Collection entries
[Start of Attachment]

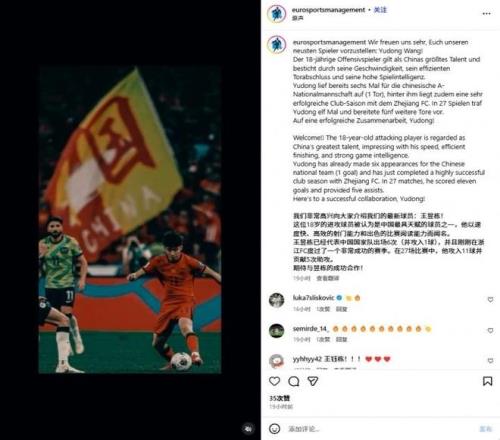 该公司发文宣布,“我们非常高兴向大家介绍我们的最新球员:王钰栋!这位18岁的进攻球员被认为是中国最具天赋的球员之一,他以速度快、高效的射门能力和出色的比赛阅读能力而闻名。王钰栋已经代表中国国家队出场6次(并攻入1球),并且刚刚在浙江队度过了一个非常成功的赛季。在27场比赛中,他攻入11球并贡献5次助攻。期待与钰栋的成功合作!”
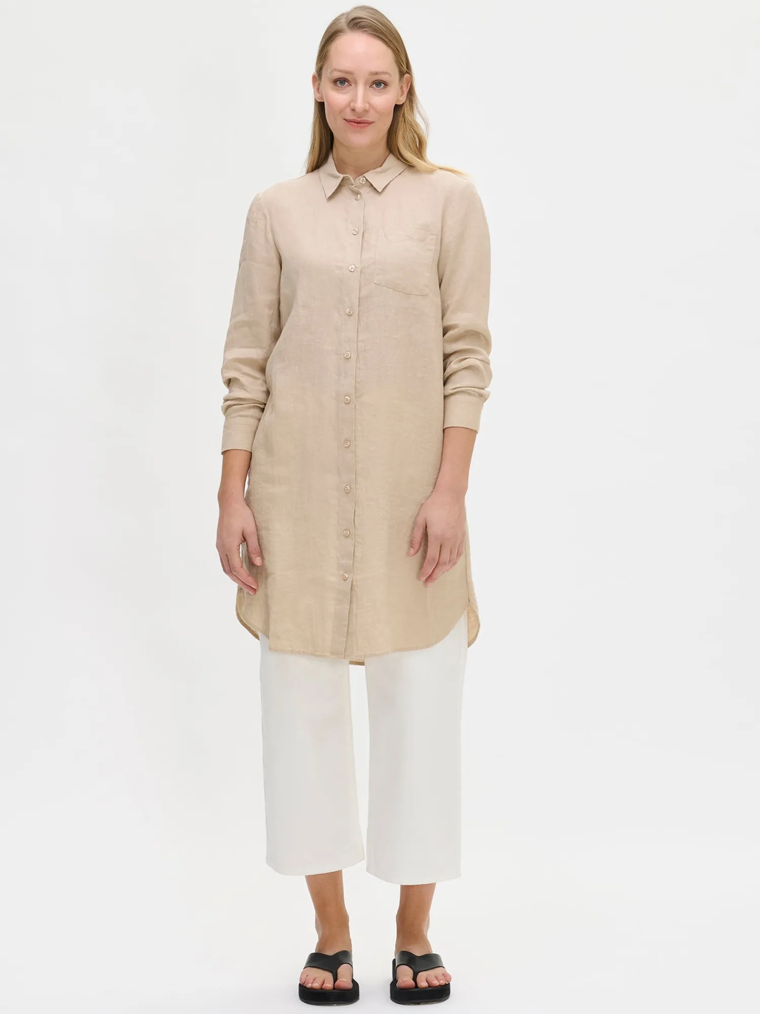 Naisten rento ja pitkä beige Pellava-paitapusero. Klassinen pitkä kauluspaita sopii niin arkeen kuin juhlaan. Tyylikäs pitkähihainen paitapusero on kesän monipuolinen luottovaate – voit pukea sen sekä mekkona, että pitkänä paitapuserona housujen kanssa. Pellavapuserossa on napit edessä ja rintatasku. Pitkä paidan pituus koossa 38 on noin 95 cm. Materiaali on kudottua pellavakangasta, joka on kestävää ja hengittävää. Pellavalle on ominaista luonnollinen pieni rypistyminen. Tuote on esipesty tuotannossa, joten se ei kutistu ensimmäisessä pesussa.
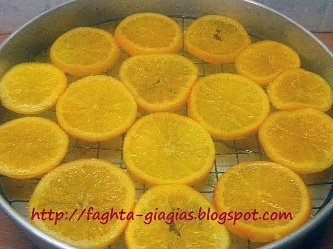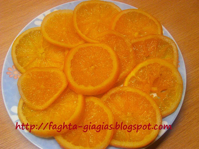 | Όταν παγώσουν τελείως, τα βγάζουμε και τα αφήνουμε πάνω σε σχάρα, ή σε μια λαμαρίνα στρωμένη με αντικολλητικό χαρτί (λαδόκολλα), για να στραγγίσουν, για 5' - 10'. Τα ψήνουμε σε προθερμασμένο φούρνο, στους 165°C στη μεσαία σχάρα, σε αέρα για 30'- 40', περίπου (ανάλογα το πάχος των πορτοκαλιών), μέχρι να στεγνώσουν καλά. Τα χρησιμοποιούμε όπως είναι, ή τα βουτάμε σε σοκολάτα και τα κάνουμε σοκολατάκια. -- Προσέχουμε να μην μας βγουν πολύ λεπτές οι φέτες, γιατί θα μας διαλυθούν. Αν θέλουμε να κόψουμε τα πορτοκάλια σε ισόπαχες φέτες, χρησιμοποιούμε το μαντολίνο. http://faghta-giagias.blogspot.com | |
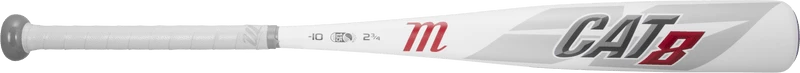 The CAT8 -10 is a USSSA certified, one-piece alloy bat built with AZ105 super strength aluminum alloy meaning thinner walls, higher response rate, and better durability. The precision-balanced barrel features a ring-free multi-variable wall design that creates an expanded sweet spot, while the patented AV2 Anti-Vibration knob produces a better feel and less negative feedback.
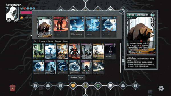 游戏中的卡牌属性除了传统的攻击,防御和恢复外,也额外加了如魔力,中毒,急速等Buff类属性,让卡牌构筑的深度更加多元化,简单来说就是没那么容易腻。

[End of Attachment]

▶ _EXERCISE AIM_: Reproduce the records exactly, images excluded.

▶ _OUTPUT FOR THIS EXERCISE_:
 该公司发文宣布,“我们非常高兴向大家介绍我们的最新球员:王钰栋!这位18岁的进攻球员被认为是中国最具天赋的球员之一,他以速度快、高效的射门能力和出色的比赛阅读能力而闻名。王钰栋已经代表中国国家队出场6次(并攻入1球),并且刚刚在浙江队度过了一个非常成功的赛季。在27场比赛中,他攻入11球并贡献5次助攻。期待与钰栋的成功合作!”
 Naisten rento ja pitkä beige Pellava-paitapusero. Klassinen pitkä kauluspaita sopii niin arkeen kuin juhlaan. Tyylikäs pitkähihainen paitapusero on kesän monipuolinen luottovaate – voit pukea sen sekä mekkona, että pitkänä paitapuserona housujen kanssa. Pellavapuserossa on napit edessä ja rintatasku. Pitkä paidan pituus koossa 38 on noin 95 cm. Materiaali on kudottua pellavakangasta, joka on kestävää ja hengittävää. Pellavalle on ominaista luonnollinen pieni rypistyminen. Tuote on esipesty tuotannossa, joten se ei kutistu ensimmäisessä pesussa.
 | Όταν παγώσουν τελείως, τα βγάζουμε και τα αφήνουμε πάνω σε σχάρα, ή σε μια λαμαρίνα στρωμένη με αντικολλητικό χαρτί (λαδόκολλα), για να στραγγίσουν, για 5' - 10'. Τα ψήνουμε σε προθερμασμένο φούρνο, στους 165°C στη μεσαία σχάρα, σε αέρα για 30'- 40', περίπου (ανάλογα το πάχος των πορτοκαλιών), μέχρι να στεγνώσουν καλά. Τα χρησιμοποιούμε όπως είναι, ή τα βουτάμε σε σοκολάτα και τα κάνουμε σοκολατάκια. -- Προσέχουμε να μην μας βγουν πολύ λεπτές οι φέτες, γιατί θα μας διαλυθούν. Αν θέλουμε να κόψουμε τα πορτοκάλια σε ισόπαχες φέτες, χρησιμοποιούμε το μαντολίνο. http://faghta-giagias.blogspot.com | |
 The CAT8 -10 is a USSSA certified, one-piece alloy bat built with AZ105 super strength aluminum alloy meaning thinner walls, higher response rate, and better durability. The precision-balanced barrel features a ring-free multi-variable wall design that creates an expanded sweet spot, while the patented AV2 Anti-Vibration knob produces a better feel and less negative feedback.
 游戏中的卡牌属性除了传统的攻击,防御和恢复外,也额外加了如魔力,中毒,急速等Buff类属性,让卡牌构筑的深度更加多元化,简单来说就是没那么容易腻。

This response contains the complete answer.